**What is needed:**
Go to the line that contains "Rotsaksfrikassé i syrlig dillsås". Restate that line and each one after it exactly, through the end of the records, without pictures.

Records excerpted from a collection:

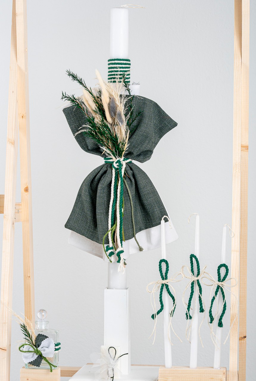Βαπτιστικό πακέτο Piccolino Jose white περιλαμβάνει κοστούμι ,σετ λαδόπανα, λαμπάδα, λαδοσετ και στολισμένη τσάντα λευκή
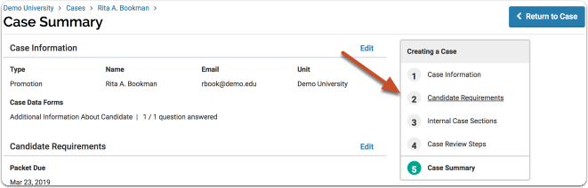 ✔ Candidates can only move their own packet requirements since they can't access Internal Case Sections. |
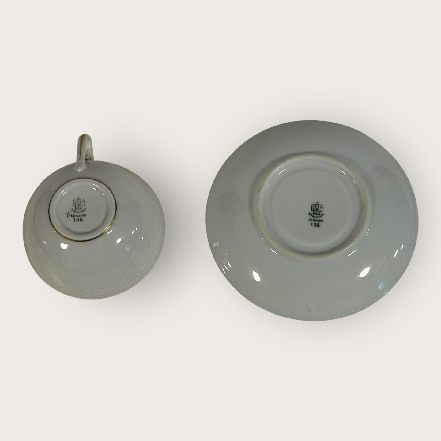 Bing & Grøndahl, Aakjær, Hvid porcelæn med guldkant, Tekop sæt #108, 5cm høj, 10cm i diameter, 1.sortering *Pæn stand*Lager: 3
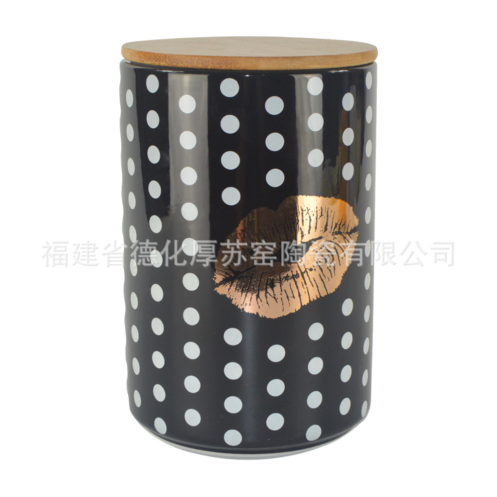 ファッション陶磁器密封缶口紅印刷陶磁器密封コーヒー缶輸出大型陶磁器茶葉缶
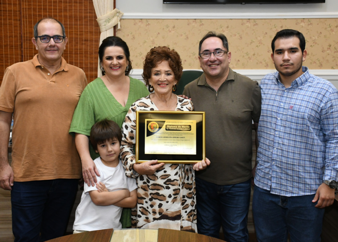 Com apenas seis anos, o outro neto de Márcia, Davi Buozi Iared, também ocupou a tribuna e agradeceu a presença de todos na ‘linda homenagem’ que foi feita a sua avó. Márcia recebeu o Diploma de Mérito Dr. Francisco Álvares Florence das mãos da vereadora Danutta e foi ovacionada por todos os presentes.
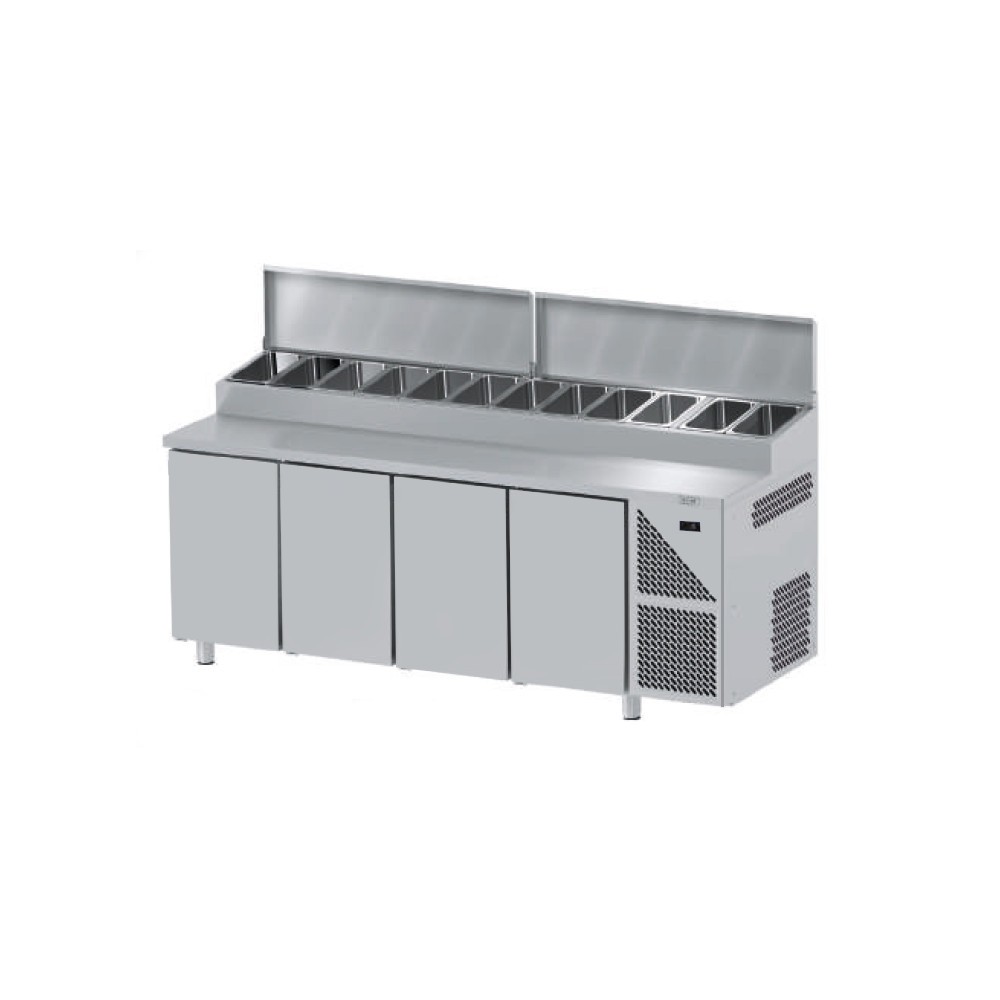La linea tavoli Snack è sinonimo di eleganza, affidabilità, robustezza e praticità d’uso. I tavoli refrigerati Snack sono caratterizzati da un piano di lavoro in acciaio inox AISI 304 con raggiatura alla base dell’alloggio vaschette per una facile e veloce pulizia. La porta è dotata di maniglia ergonomica in tutta la sua larghezza. Sul pannello comandi laterale trova alloggiamento l’apposita mascherina che ospita il controllore digitale assieme agli interruttori di accensione/spegnimento ed eventualmente all’interruttore di accensione dell’illuminazione interna. La copertura delle vaschette è disponibile con coperchio in acciaio inox oppure con vetrina. Questi tavoli sono dotati di gruppo refrigerante a “monoblocco” facilmente estraibile e tropicalizzato, l’ambiente esterno di lavoro può arrivare ad una temperatura di +40/42°C con 65% di umidità relativa. La struttura interna ed esterna è in di acciaio inox. Porte con chiusura automatica e posizione di apertura fissa a 100°, guarnizione magnetica facilmente asportabile, angoli interni arrotondati per una agevole ed ottimale pulizia. Isolamento 60mm di spessore in poliuretano iniettato ad alta pressione senza presenza di CFC o HCFC. Rilevazione delle temperature mediante sonde NTC. Refrigerazione ventilata con gas R134a. Sbrinamento automatico ed evaporazione dell’acqua di condensa mediante serpentina di acciaio inox AISI 316L. Guide e cremagliere porta griglie regolabili ed estraibili. Piedini in acciaio inox regolabili in altezza (ruote a richiesta). Il cavo di alimentazione è fornito standard senza spina..
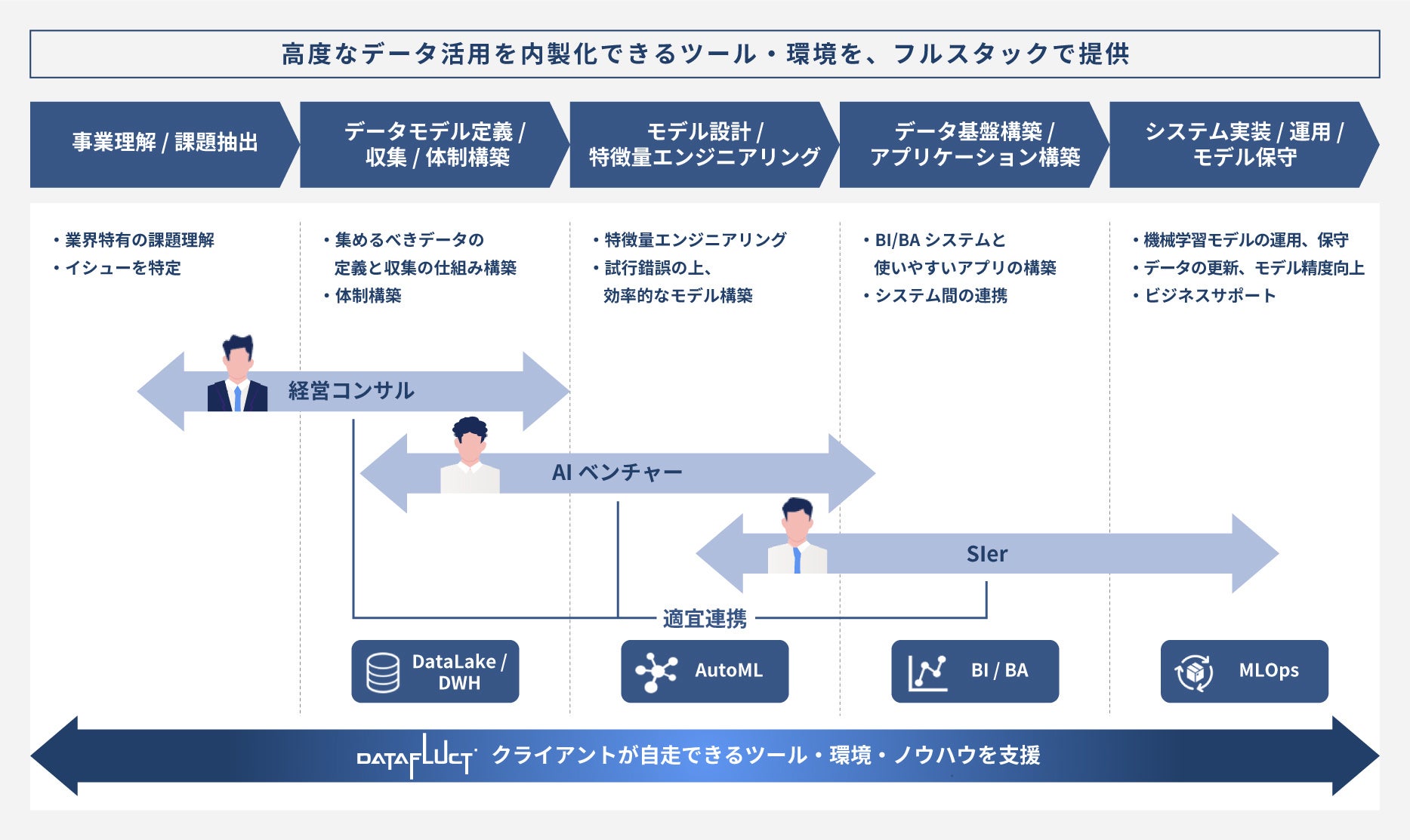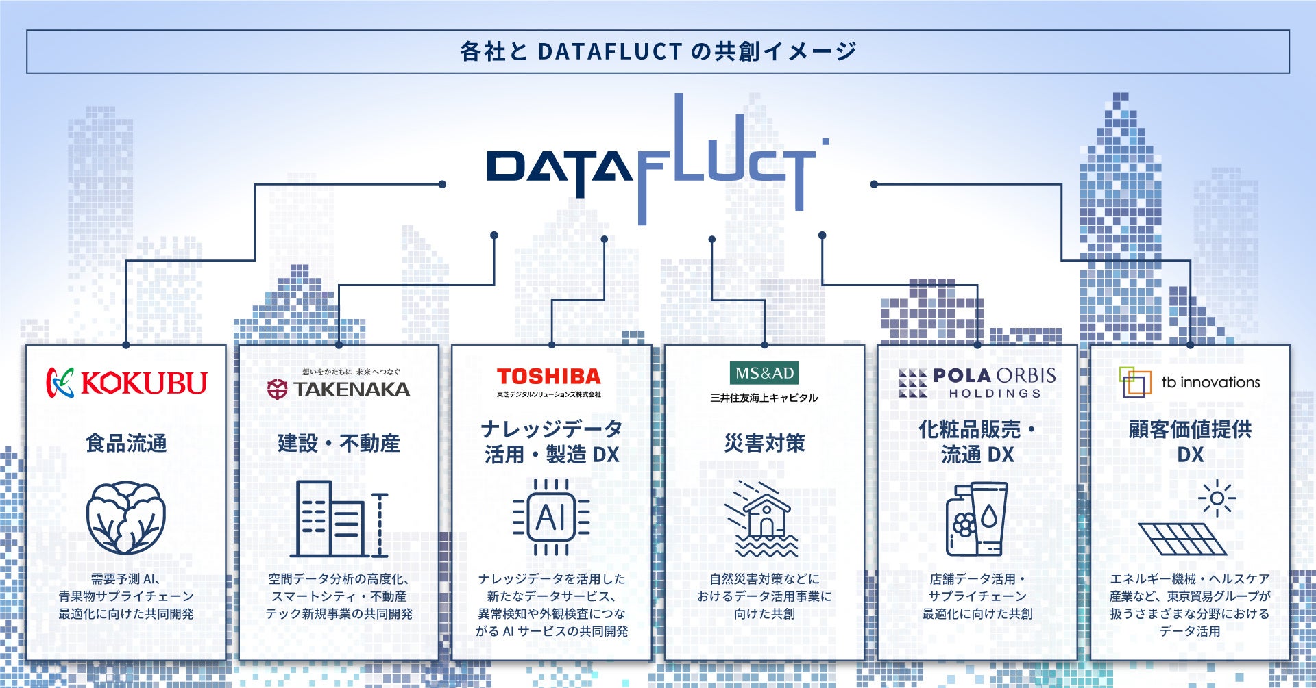各産業のリーディングカンパニーとして各社が長年蓄積してきた知見やデータと、当社が持つ高度なデータサイエンスの技術とデータを活用した新規事業創出のノウハウを組み合わせ、業界のビジネスを変革するデータビジネスを生み出し、持続可能な社会の実現に貢献します。
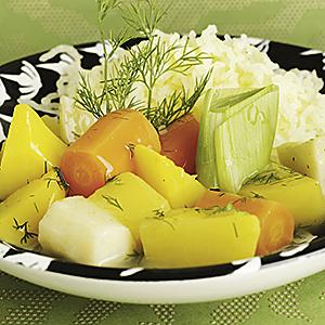 Rotsaksfrikassé i syrlig dillsås
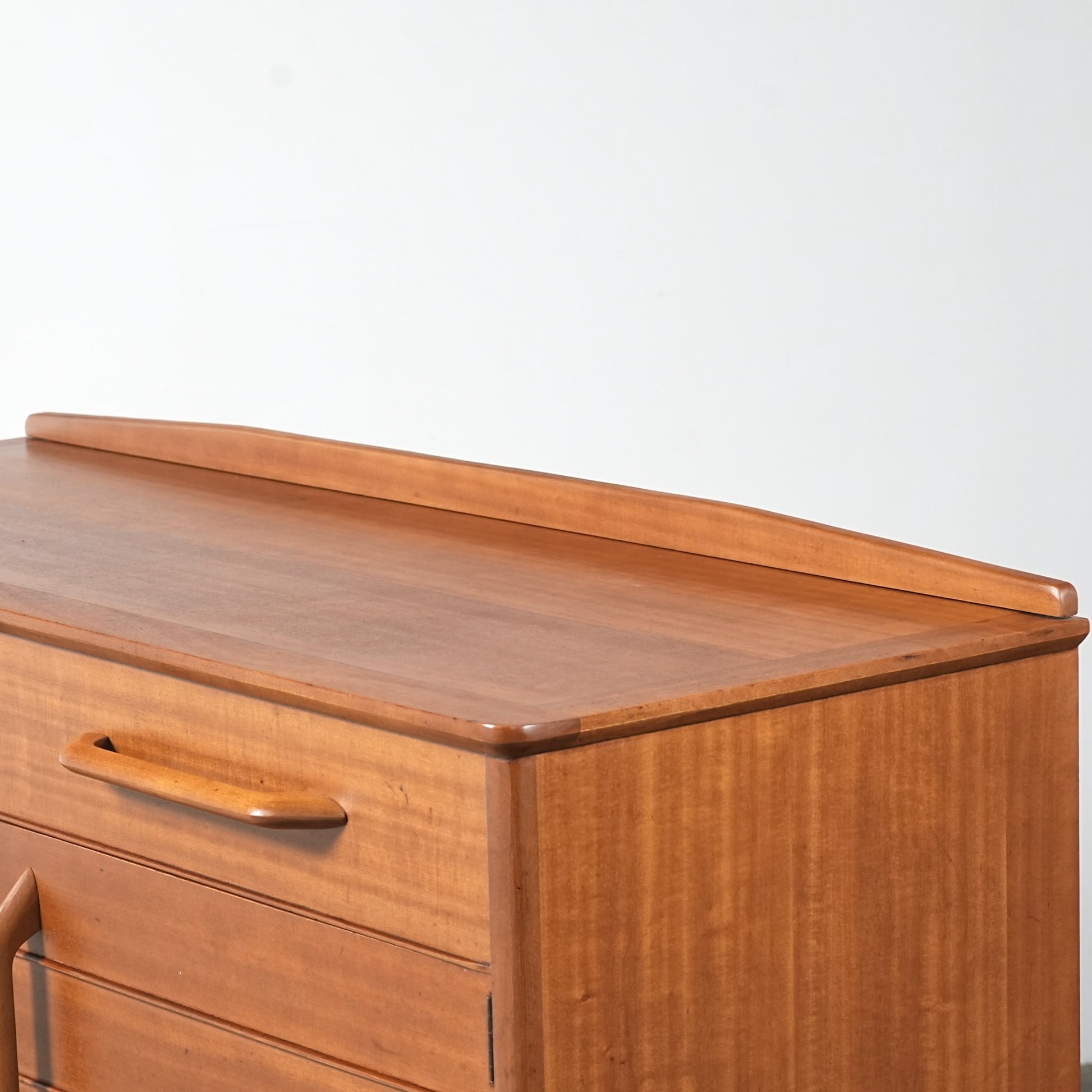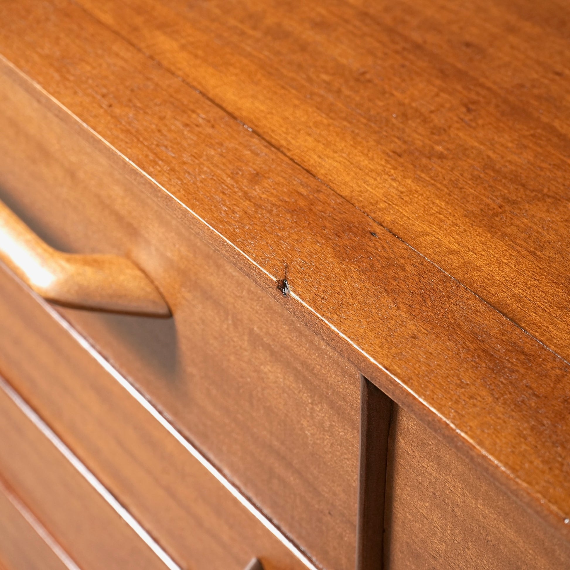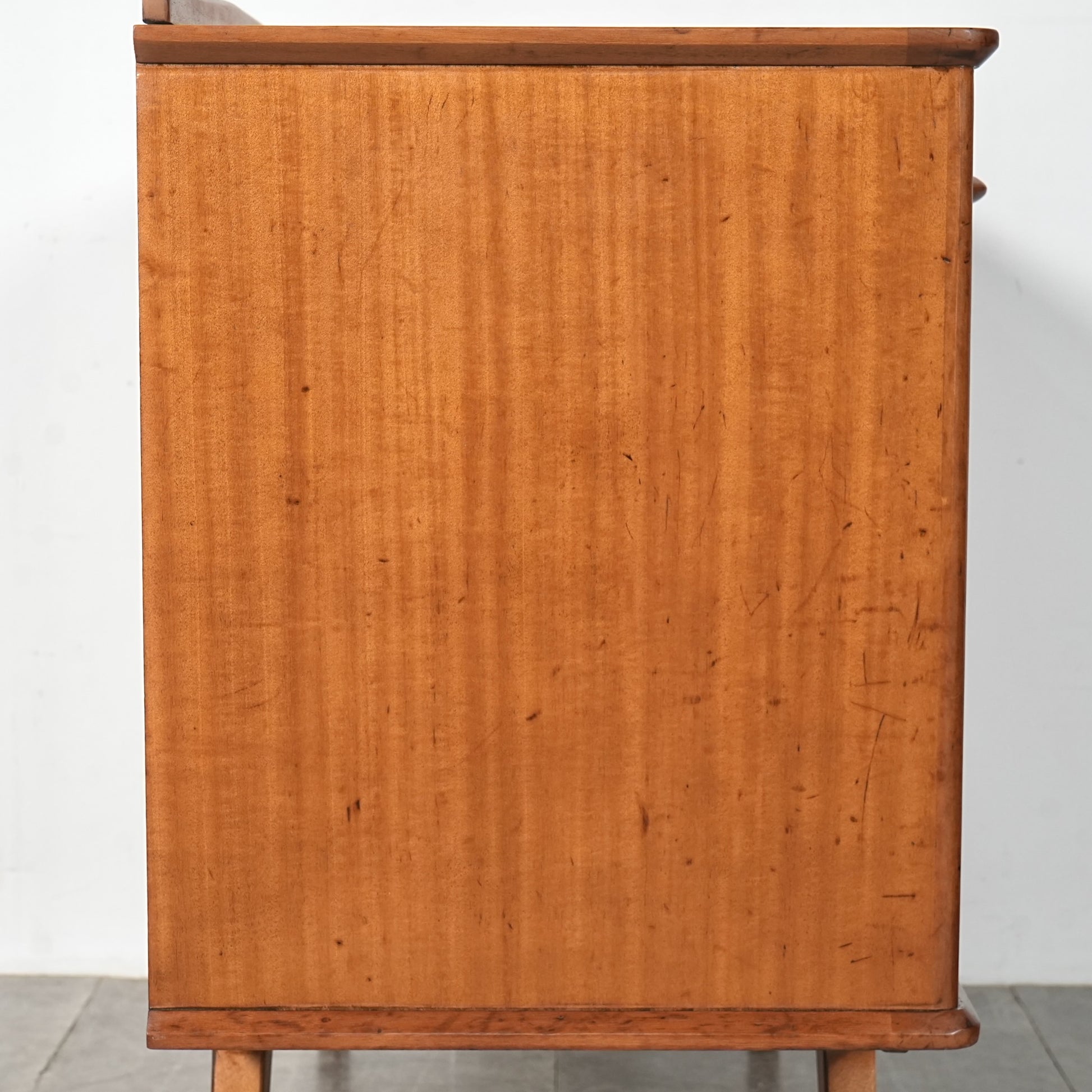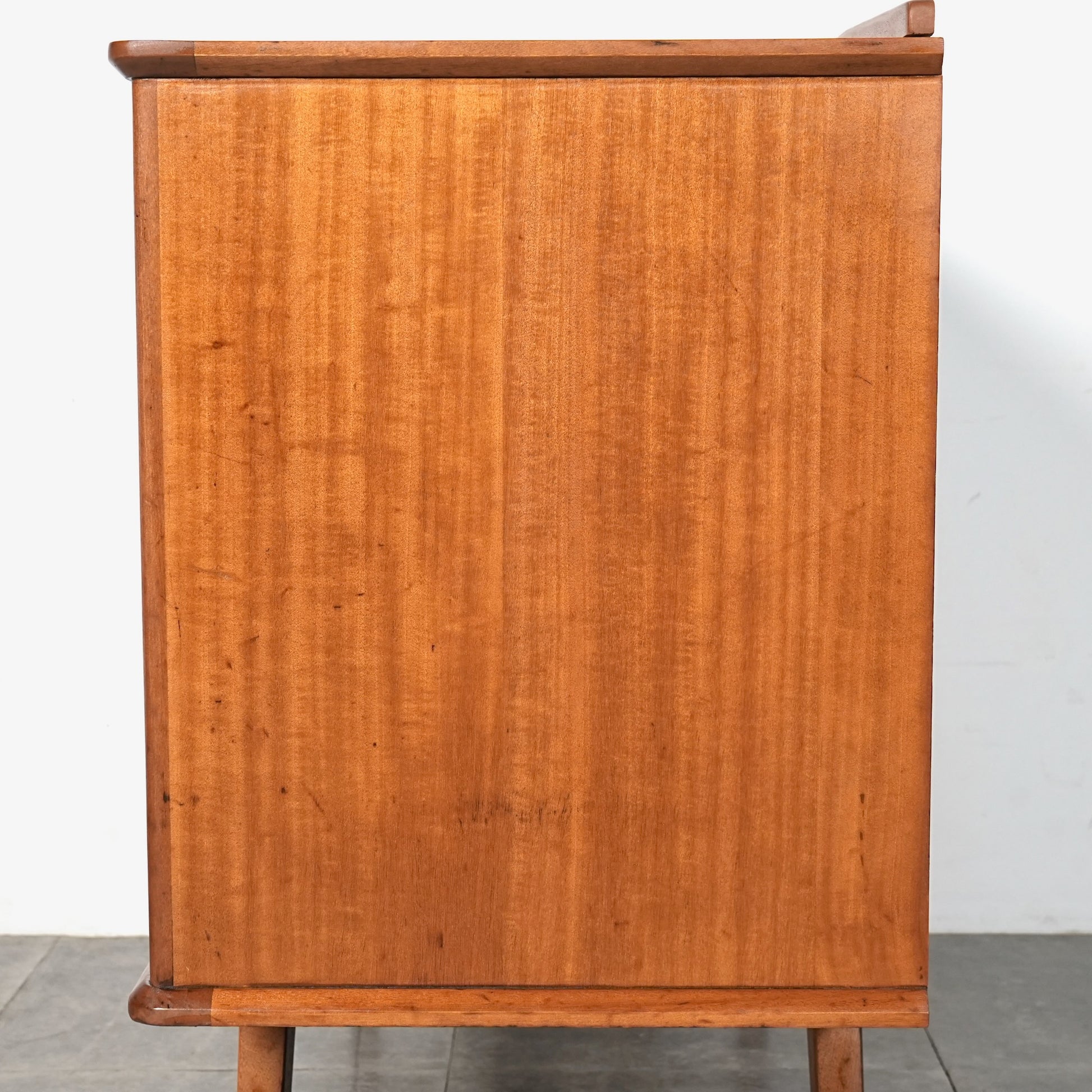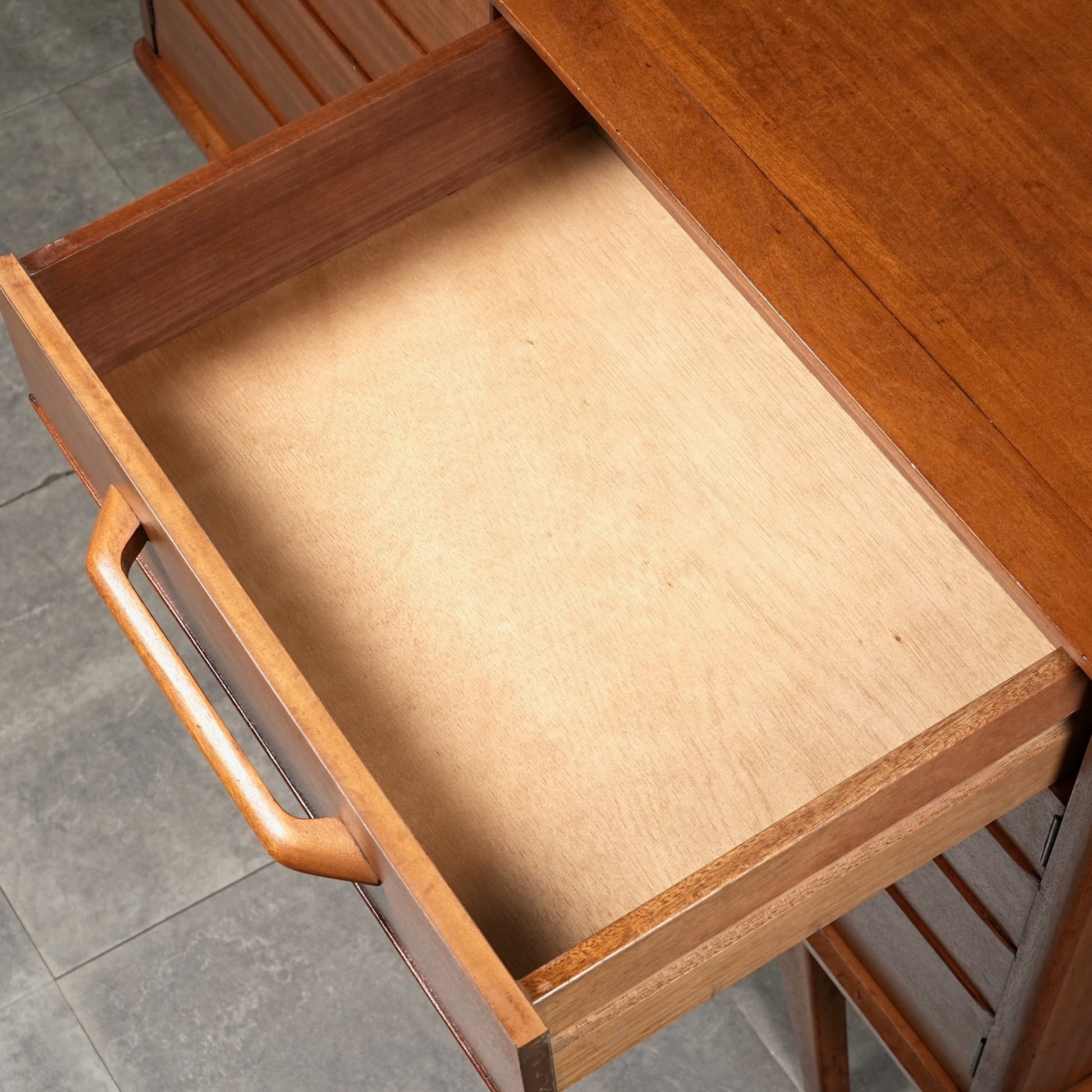チーク材の家具とは異なるナチュラルな質感が印象的で、取手や脚部のシャープなフォルムも良いアクセントとなっており、現代の住環境にも取り入れやすいデザインではないでしょうか。

**Solution to this exercise:**
 Rotsaksfrikassé i syrlig dillsås
チーク材の家具とは異なるナチュラルな質感が印象的で、取手や脚部のシャープなフォルムも良いアクセントとなっており、現代の住環境にも取り入れやすいデザインではないでしょうか。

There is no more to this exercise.